He didn't write a professional word until he was 40. Jerry Saltz  turned to driving a truck after a failed career as an artist (his CB handle was the Jewish Cowboy). When he turned to writing, Saltz did it with a vengeance. In 2018, he received the Pulitzer Prize for criticism.
Saltz's new book, "Art is Life," is a showcase of why he received that prize, a compilation of columns written over the past 22 years, a perfect (and accidental) reflection of the 21st century.
It's a collection where Saltz calls Robert Rauschenberg the American Picasso, that Philip Guston reinvented the sublime and recalls Beauford Delaney, a great black artist in his day who's now all but forgotten.
As one of fewer than a dozen paid art critics (Saltz's own calculation) left in the U.S. in the era that's seen the dramatic decline of print, Saltz is senior art critic for New York magazine.
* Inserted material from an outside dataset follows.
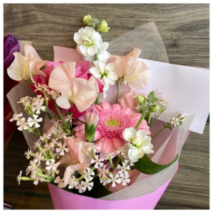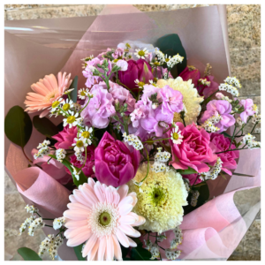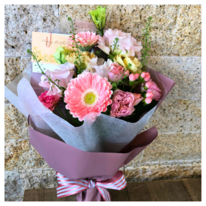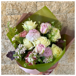 - 使用花材:ガーベラ、スイートピー、シレネ、ストック、グリーンなど季節の花材でおまかせとなります。

He covers the ever-changing New York art scene with flair and abandon.
But, as he told Steve Tarter, he's a creature of the Midwest, growing up in suburban Chicago. In his book, Saltz relates being a teen drawn to the protests during the tumultuous 1968 Democratic National Convention held in Chicago. When folks saw Chicago police clubbing white kids rather than people of color that's when "my right-wing stepmother and all her friends turned against the war," he wrote.
Art is like a movie, Saltz told Tarter. "There's no right way to look at a movie or art. There's no way to prove that Leonardo Da Vinci is better than the calendar art you have in your house," he said.
"The story that art is telling you (is something ) you already know," said Saltz.